### INSTRUCTIONS TO FOLLOW
Write out the records in full and without alteration, setting aside their pictures.

### MATERIAL TO PROCESS
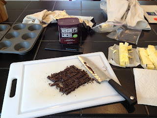 Then instead of baking the brownies off in a 9*13" pan, bake them in muffin pans. I buttered the pans really, really well since I didn't want my brownies to stick.
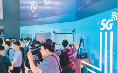 8月31日,在第十四届中国(南京)国际软件产品和信息服务交易博览会上,参观者参观体验5G展区。苏 阳摄(人民视觉)
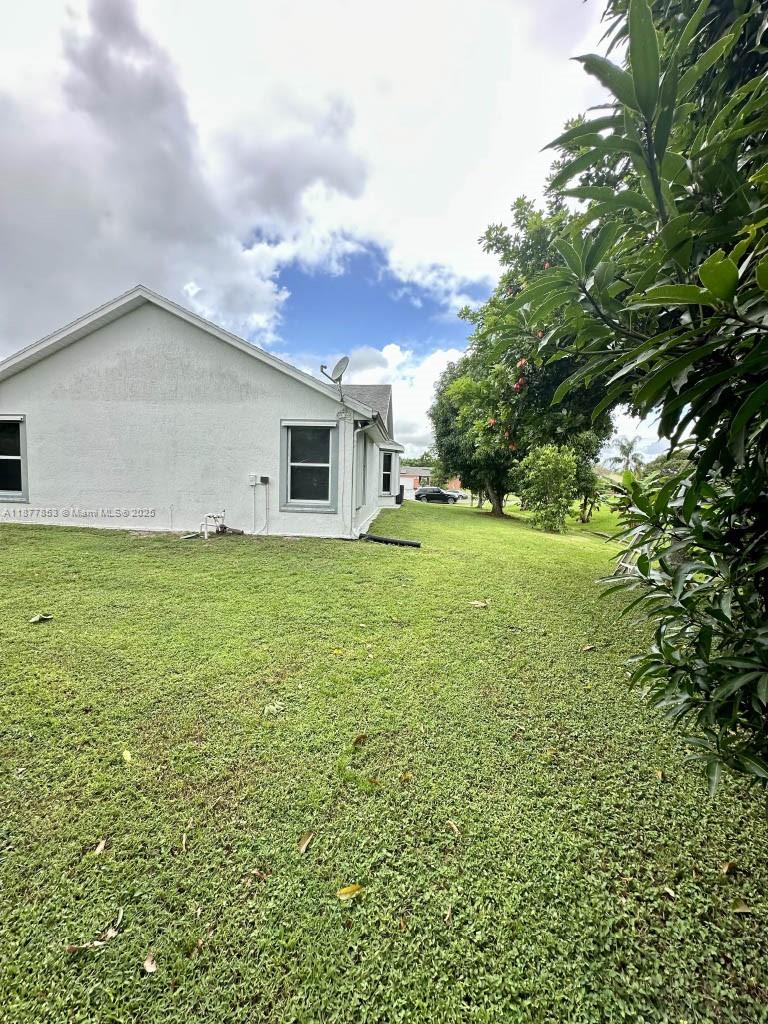 Welcome to this stunning one story custom home located in SE Port St Lucie. This elegant property offers a perfect blend of luxury, comfort, and sophisticated living. This home features a split floor plan with 3 bedrooms and 2.5 bathrooms, providing ample room for a growing family or for those who love to entertain. This well-designed floor plan includes a formal dining area, and a generous family room plus den, laundry room, 2 car garage with ample lighting & skylight. Step outside to tranquility with numerous fruit trees, herbs and a private lake. This home is an entertainer's dream come true, property is over 1/2 an acres with plenty of space for a pool or outdoor living. Offering a sense of privacy while still being a part of a vibrant community. Close to restaurants, etc.
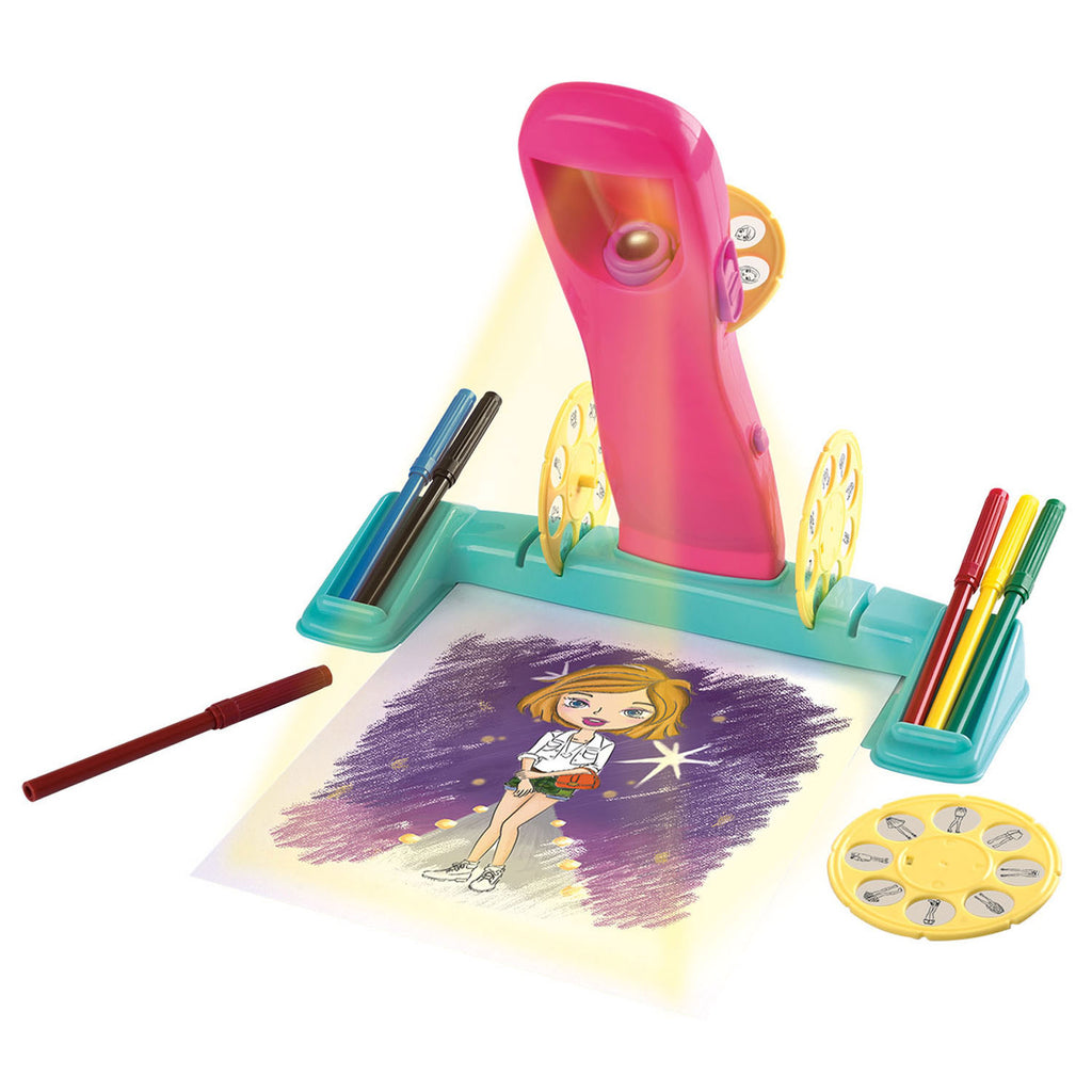 Deze Play Fashion Projector is speciaal voor de kleine modeontwerpsters. Alles in deze kit is bedoeld om je creativiteit op de proef te stellen! Met behulp van de projector kun je de kledingstukken eenvoudig op het papier projecteren, zodat de kledingstukken één voor één op het papier getekend kunnen worden. Er kan eindeloos gevarieerd worden! In de set zit een projector, vier projectieschijven met 32 verschillende afbeeldingen en zes viltstiften. De stiften en de schijven kunnen eenvoudig in de projector worden opgeborgen.
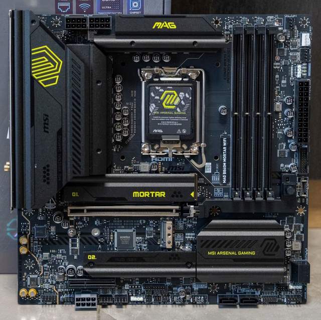 微星 MAG B860M MORTAR WIFI 迫击炮主板以黑色散热装甲为基调,搭配MAG系列特有的绿色涂装,外观硬朗且辨识度极高。其采用经典M-ATX板型,在装机兼容性上表现优异,既能适配紧凑型Mini机箱,也能轻松融入标准ATX机箱,满足多样化装机需求。
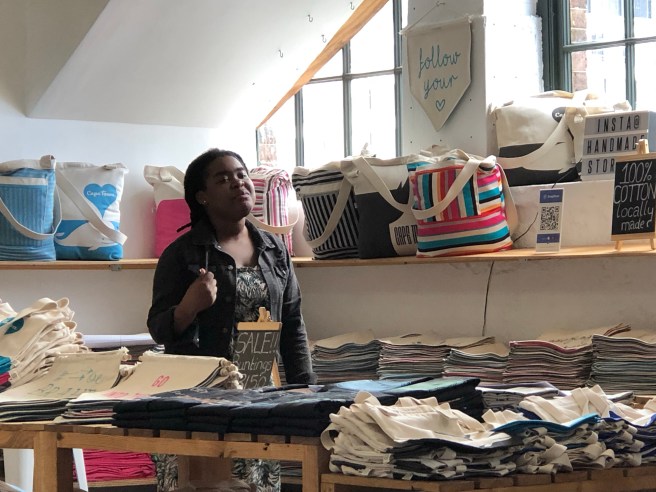 In diesen beiden kleinen Hallen direkt an der Waterkant werden traditionelle Speisen und Produkte aus kleinen Werkstätten angeboten. So wir hier, schön bedruckte Taschen, Tücher und Wimpel. Am

### SOLUTION FOR THIS TASK
 Then instead of baking the brownies off in a 9*13" pan, bake them in muffin pans. I buttered the pans really, really well since I didn't want my brownies to stick.
 8月31日,在第十四届中国(南京)国际软件产品和信息服务交易博览会上,参观者参观体验5G展区。苏 阳摄(人民视觉)
 Welcome to this stunning one story custom home located in SE Port St Lucie. This elegant property offers a perfect blend of luxury, comfort, and sophisticated living. This home features a split floor plan with 3 bedrooms and 2.5 bathrooms, providing ample room for a growing family or for those who love to entertain. This well-designed floor plan includes a formal dining area, and a generous family room plus den, laundry room, 2 car garage with ample lighting & skylight. Step outside to tranquility with numerous fruit trees, herbs and a private lake. This home is an entertainer's dream come true, property is over 1/2 an acres with plenty of space for a pool or outdoor living. Offering a sense of privacy while still being a part of a vibrant community. Close to restaurants, etc.
 Deze Play Fashion Projector is speciaal voor de kleine modeontwerpsters. Alles in deze kit is bedoeld om je creativiteit op de proef te stellen! Met behulp van de projector kun je de kledingstukken eenvoudig op het papier projecteren, zodat de kledingstukken één voor één op het papier getekend kunnen worden. Er kan eindeloos gevarieerd worden! In de set zit een projector, vier projectieschijven met 32 verschillende afbeeldingen en zes viltstiften. De stiften en de schijven kunnen eenvoudig in de projector worden opgeborgen.
 微星 MAG B860M MORTAR WIFI 迫击炮主板以黑色散热装甲为基调,搭配MAG系列特有的绿色涂装,外观硬朗且辨识度极高。其采用经典M-ATX板型,在装机兼容性上表现优异,既能适配紧凑型Mini机箱,也能轻松融入标准ATX机箱,满足多样化装机需求。
 In diesen beiden kleinen Hallen direkt an der Waterkant werden traditionelle Speisen und Produkte aus kleinen Werkstätten angeboten. So wir hier, schön bedruckte Taschen, Tücher und Wimpel. Am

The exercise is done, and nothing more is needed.